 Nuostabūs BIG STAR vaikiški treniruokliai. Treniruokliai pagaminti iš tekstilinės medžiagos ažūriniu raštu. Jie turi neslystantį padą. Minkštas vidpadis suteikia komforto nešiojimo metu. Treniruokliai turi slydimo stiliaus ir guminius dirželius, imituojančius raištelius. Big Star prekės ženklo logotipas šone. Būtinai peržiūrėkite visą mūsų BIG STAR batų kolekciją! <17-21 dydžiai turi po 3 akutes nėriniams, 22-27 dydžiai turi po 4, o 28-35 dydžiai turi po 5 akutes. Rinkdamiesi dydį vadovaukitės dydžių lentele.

________

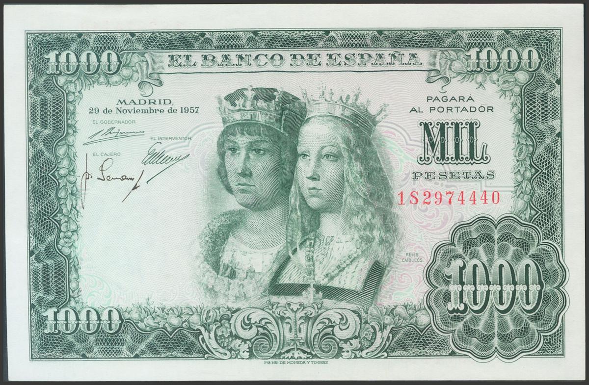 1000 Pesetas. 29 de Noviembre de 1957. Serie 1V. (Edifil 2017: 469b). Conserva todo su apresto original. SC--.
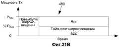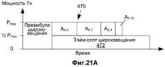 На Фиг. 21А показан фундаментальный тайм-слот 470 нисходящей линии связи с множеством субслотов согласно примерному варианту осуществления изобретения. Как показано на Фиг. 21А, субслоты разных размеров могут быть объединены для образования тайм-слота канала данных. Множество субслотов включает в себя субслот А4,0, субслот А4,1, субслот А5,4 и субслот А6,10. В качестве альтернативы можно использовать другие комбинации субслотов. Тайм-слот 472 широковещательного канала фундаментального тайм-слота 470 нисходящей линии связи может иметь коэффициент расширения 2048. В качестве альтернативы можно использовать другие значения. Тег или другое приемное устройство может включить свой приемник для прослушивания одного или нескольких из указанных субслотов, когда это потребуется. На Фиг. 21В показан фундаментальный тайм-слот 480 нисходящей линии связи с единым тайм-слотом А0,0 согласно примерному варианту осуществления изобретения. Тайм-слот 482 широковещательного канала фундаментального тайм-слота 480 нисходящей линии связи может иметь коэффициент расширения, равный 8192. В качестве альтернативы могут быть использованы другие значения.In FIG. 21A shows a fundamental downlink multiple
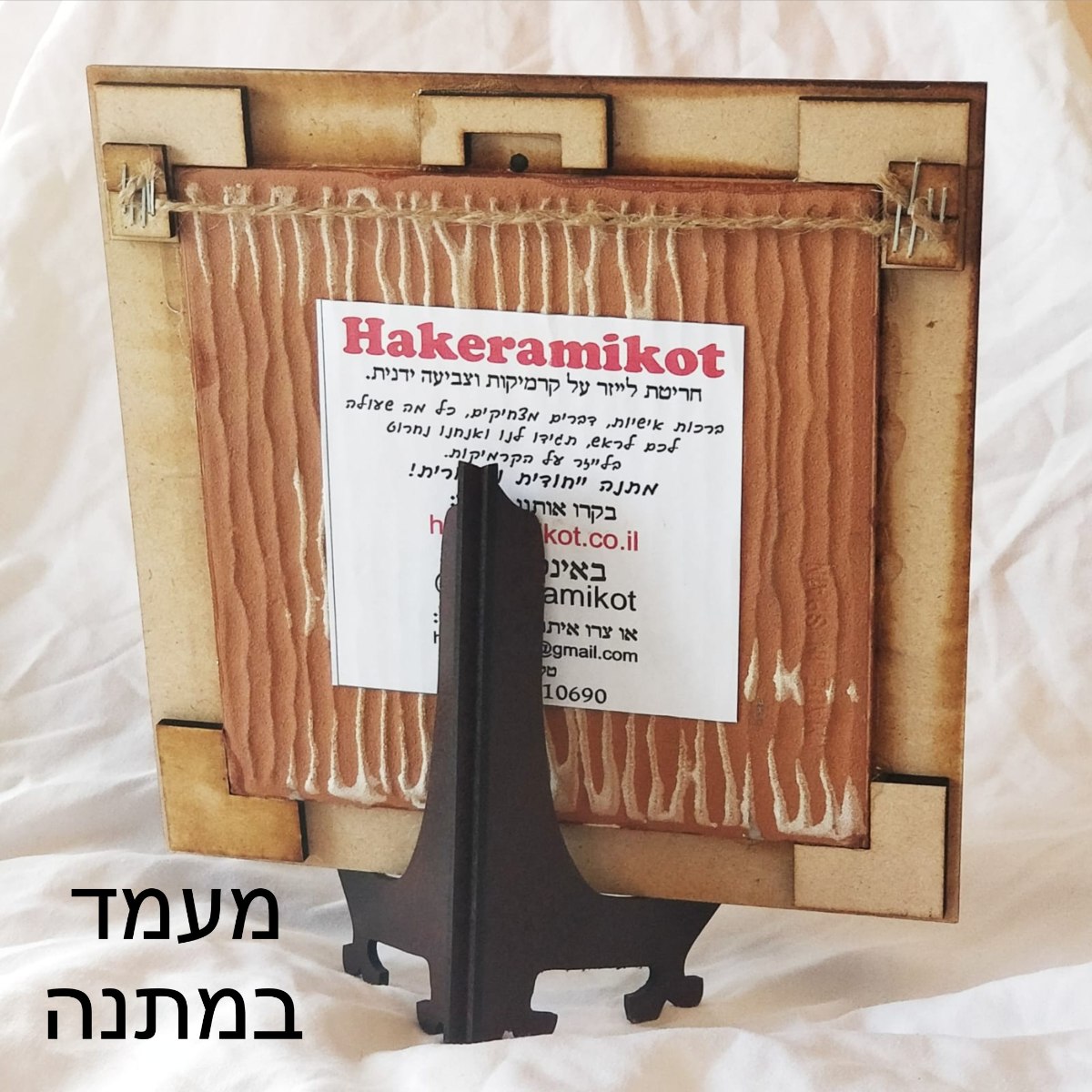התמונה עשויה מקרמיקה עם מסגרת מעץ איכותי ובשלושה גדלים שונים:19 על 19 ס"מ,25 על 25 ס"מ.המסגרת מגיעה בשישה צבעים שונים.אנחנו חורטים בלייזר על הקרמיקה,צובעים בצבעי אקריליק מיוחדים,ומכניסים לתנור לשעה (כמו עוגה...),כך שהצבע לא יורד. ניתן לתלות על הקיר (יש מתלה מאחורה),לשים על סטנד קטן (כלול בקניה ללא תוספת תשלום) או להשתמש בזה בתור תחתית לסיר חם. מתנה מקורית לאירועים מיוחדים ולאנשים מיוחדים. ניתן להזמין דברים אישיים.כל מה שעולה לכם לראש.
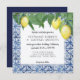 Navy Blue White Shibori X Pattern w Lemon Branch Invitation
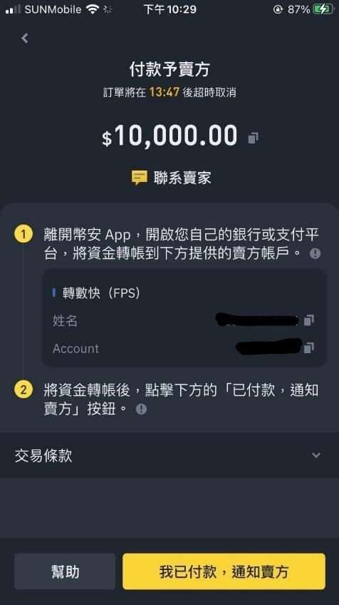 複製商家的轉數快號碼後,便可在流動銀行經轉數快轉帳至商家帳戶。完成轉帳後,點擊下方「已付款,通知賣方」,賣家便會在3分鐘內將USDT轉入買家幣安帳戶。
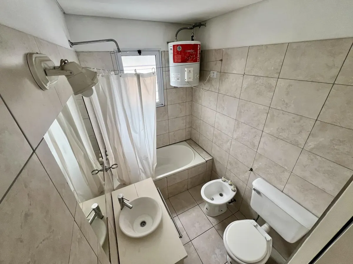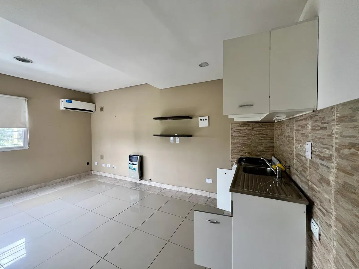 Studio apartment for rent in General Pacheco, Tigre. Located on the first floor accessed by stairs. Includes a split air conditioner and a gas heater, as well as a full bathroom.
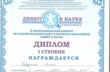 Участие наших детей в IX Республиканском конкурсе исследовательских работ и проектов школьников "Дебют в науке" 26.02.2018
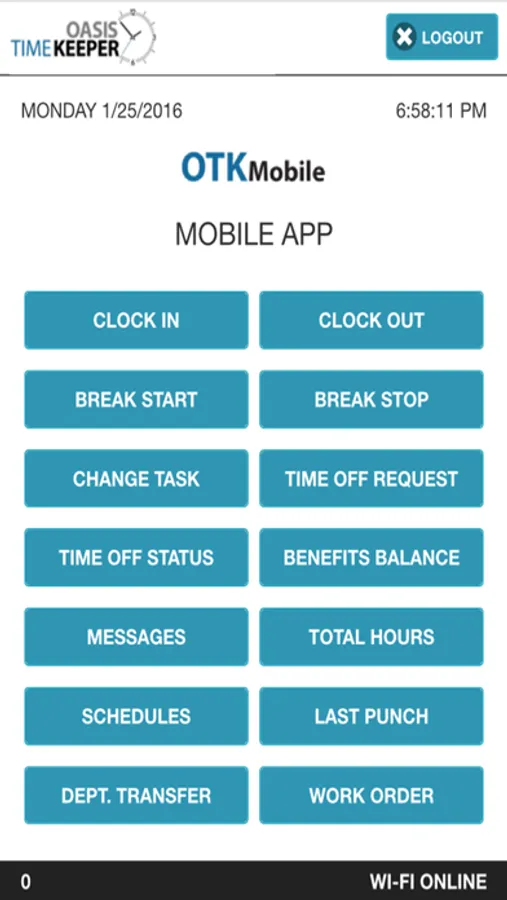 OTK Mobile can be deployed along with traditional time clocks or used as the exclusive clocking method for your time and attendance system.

________

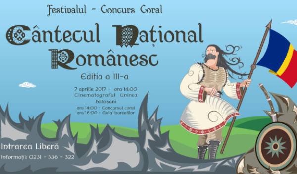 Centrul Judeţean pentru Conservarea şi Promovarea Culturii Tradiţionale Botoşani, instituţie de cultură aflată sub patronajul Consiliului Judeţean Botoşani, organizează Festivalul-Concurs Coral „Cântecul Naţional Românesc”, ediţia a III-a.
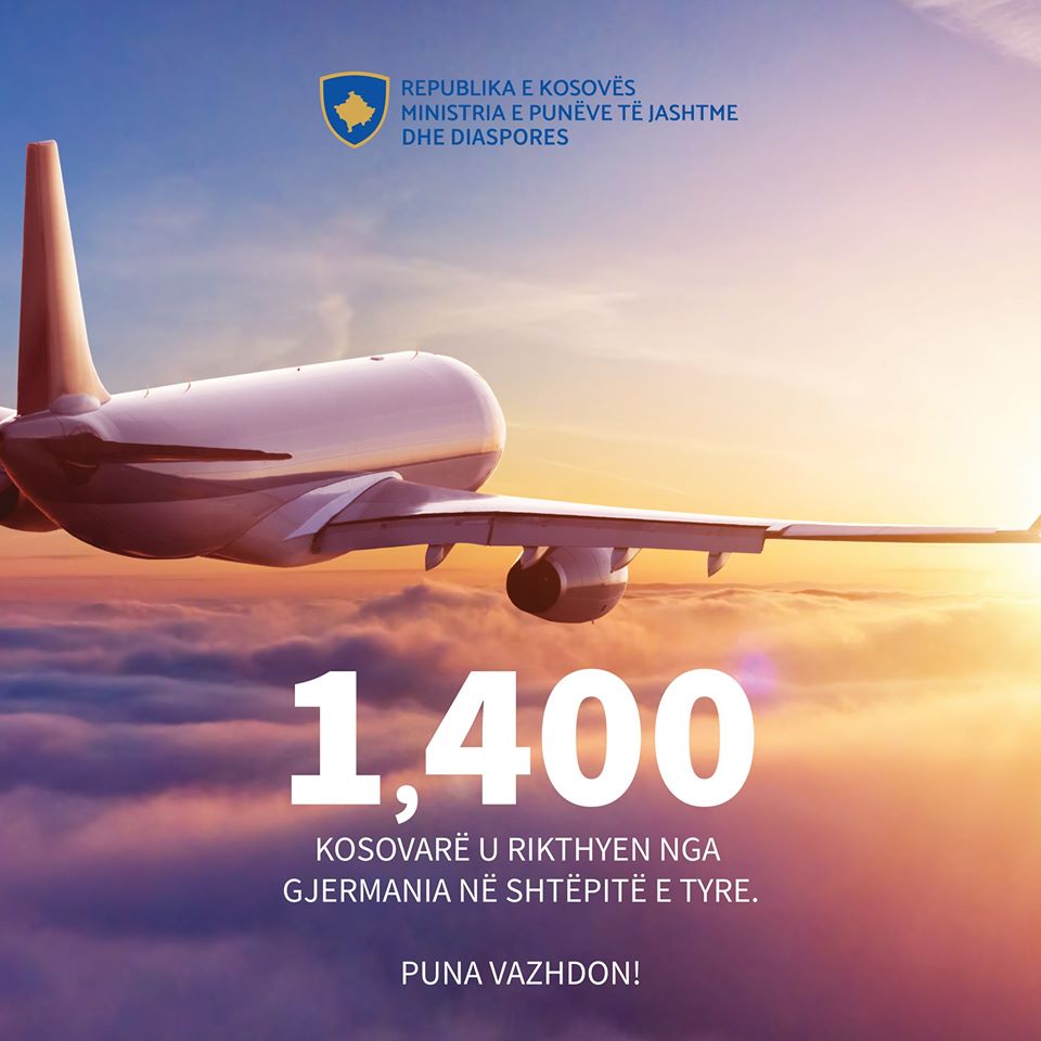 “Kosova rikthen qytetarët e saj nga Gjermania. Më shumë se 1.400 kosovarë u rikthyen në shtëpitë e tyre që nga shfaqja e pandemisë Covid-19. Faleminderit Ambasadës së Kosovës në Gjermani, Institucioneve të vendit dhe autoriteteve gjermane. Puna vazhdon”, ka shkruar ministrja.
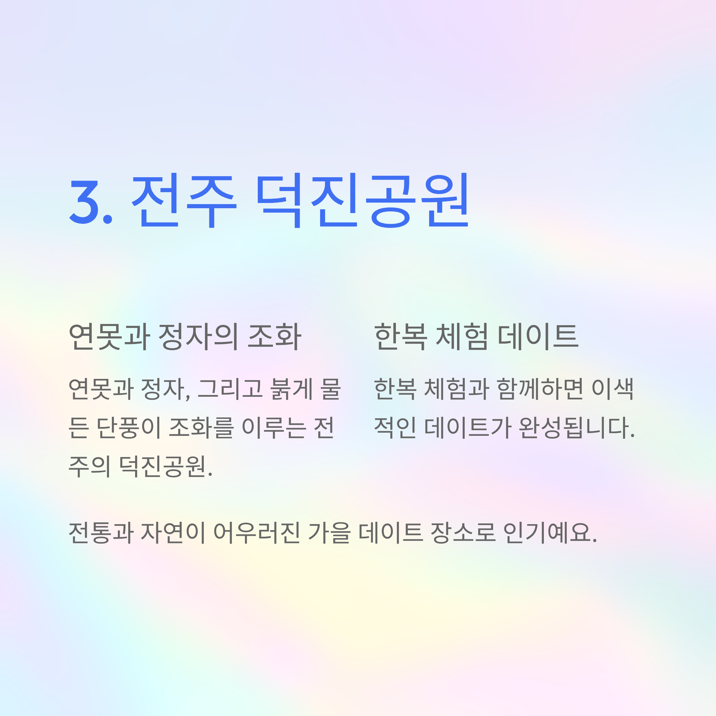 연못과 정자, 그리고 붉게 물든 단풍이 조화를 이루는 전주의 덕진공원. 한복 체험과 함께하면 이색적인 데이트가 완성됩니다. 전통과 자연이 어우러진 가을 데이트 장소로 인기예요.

________

WHAT IS NEEDED:
Write out exactly the run of lines above that starts at the line containing "Navy Blue White" and ends at the line containing "OTK Mobile can". Include both, and leave the pictures out.

RESPONSE BOX:
 Navy Blue White Shibori X Pattern w Lemon Branch Invitation
 複製商家的轉數快號碼後,便可在流動銀行經轉數快轉帳至商家帳戶。完成轉帳後,點擊下方「已付款,通知賣方」,賣家便會在3分鐘內將USDT轉入買家幣安帳戶。
 Studio apartment for rent in General Pacheco, Tigre. Located on the first floor accessed by stairs. Includes a split air conditioner and a gas heater, as well as a full bathroom.
 Участие наших детей в IX Республиканском конкурсе исследовательских работ и проектов школьников "Дебют в науке" 26.02.2018
 OTK Mobile can be deployed along with traditional time clocks or used as the exclusive clocking method for your time and attendance system.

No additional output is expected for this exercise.